A federal appeals court ruled Tuesday that the Federal Communications Commission lacks the authority to force Internet service providers to keep their networks open to all forms of content, throwing into doubt the agency's status as watchdog of the Web.

The FCC has long sought to impose rules requiring Internet providers to offer equal treatment to all Web traffic, a concept known as network neutrality. But in a unanimous decision, the U.S. Court of Appeals for the D.C. Circuit found that the agency lacked the power to stop cable giant Comcast from slowing traffic to a popular file-sharing site.

Although the Comcast case centered on the issue of network neutrality, the court's ruling could hamper other initiatives, including the Obama administration's ambitious plans to expand high-speed Internet service nationwide and the agency's enforcement of new truth-in-advertising rules on broadband speeds promised by carriers.

Analysts said the decision in effect removes a government enforcer that otherwise would prevent a company such as Comcast from blocking the Hulu or YouTube video sites from its network, analysts said.

"Today's ruling is destabilizing, as it could effectively free broadband service providers from FCC regulation over broadband," said Rebecca Arbogast, head of research at Stifel Nicolaus.

The court's decision could prompt the FCC or Congress to write new rules or laws to more concretely establish the agency as a regulator of Internet services. The FCC has intentionally kept its authority over broadband vague, in hopes that looser regulation might spur growth in the market for Internet services. Tighter oversight -- which consumer groups have urged -- would be strongly opposed by companies that operate Internet networks.

The FCC's predicament stems from a 2008 sanction against Comcast for violating the agency's open Internet guidelines, which were meant to force broadband providers to treat all network traffic equally, so as not to put any Web site at a disadvantage. In a 3 to 2 vote, the FCC found that Comcast had improperly slowed traffic to the BitTorrent file-sharing site and urged the company to halt the practice. It did not impose a fine.

Comcast appealed the FCC sanction, saying that the agency's order was outside the scope of its authority.
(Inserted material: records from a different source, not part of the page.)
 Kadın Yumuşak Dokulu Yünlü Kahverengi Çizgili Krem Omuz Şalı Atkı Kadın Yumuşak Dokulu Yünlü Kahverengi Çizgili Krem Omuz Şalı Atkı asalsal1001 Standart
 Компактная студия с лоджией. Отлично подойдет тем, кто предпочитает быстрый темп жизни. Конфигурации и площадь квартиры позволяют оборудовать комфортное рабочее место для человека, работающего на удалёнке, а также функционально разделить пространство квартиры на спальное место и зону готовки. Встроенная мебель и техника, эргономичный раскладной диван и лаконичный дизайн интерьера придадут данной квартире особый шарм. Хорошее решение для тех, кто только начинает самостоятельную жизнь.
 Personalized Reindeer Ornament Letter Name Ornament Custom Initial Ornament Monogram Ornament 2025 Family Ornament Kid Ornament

The court agreed on Tuesday, saying the agency relied on laws that give it some jurisdiction over broadband services but not enough to make the action against Comcast permissible.
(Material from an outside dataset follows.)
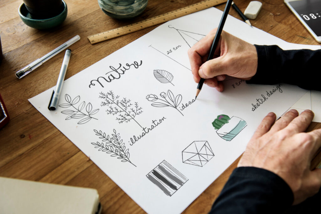 Gdy podstawowe informacje są już zebrane, zaczyna się etap eksploracji pomysłów. Szkicowanie to moment, w którym projektant pozwala sobie na swobodę twórczą, testując różne formy i układy. To czas eksperymentów – od minimalistycznych ikon po bardziej złożone kompozycje.
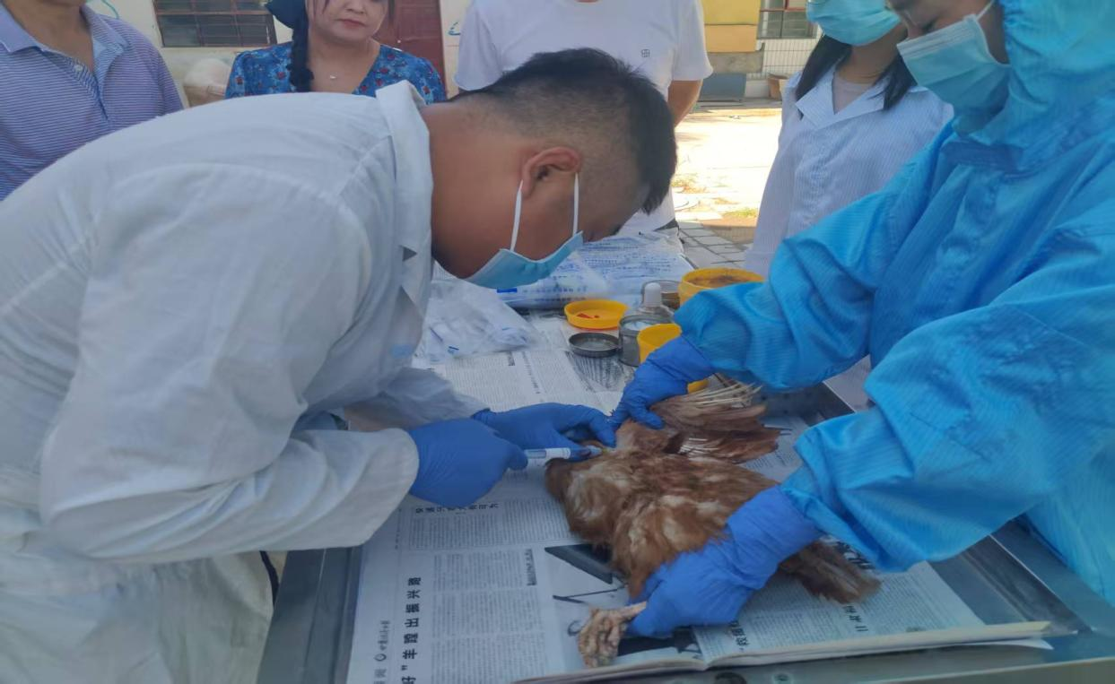 本次主题党日活动,采取现场教学方式,针对动物疫病防治员业务技能进行岗位培训,内容主要有鸡翅静脉采血、鸡心脏采血、鸡体解剖与采样三个部分,大家轮流操作,相互交流分享经验,达到了理论和实践结合、演练和实战接轨、比赛和练兵同步的目的,也激发了党员干部学理论、强技能、钻业务、促落实的积极性和主动性。

"For a variety of substantive and procedural reasons those provisions cannot support its exercise of ancillary authority over Comcast's network management practices," the court wrote in its 3-0 decision. "We therefore grant Comcast's petition for review and vacate the challenged order."

Sena Fitzmaurice, a Comcast spokeswoman, said the company was "gratified" by the ruling.

"Our primary goal was always to clear our name and reputation," she said.

The decision comes as Comcast is pursuing agency approval of its proposed $30 billion merger with NBC Universal, which would put a vast library of television and movie programming under the control of the nation's largest cable provider.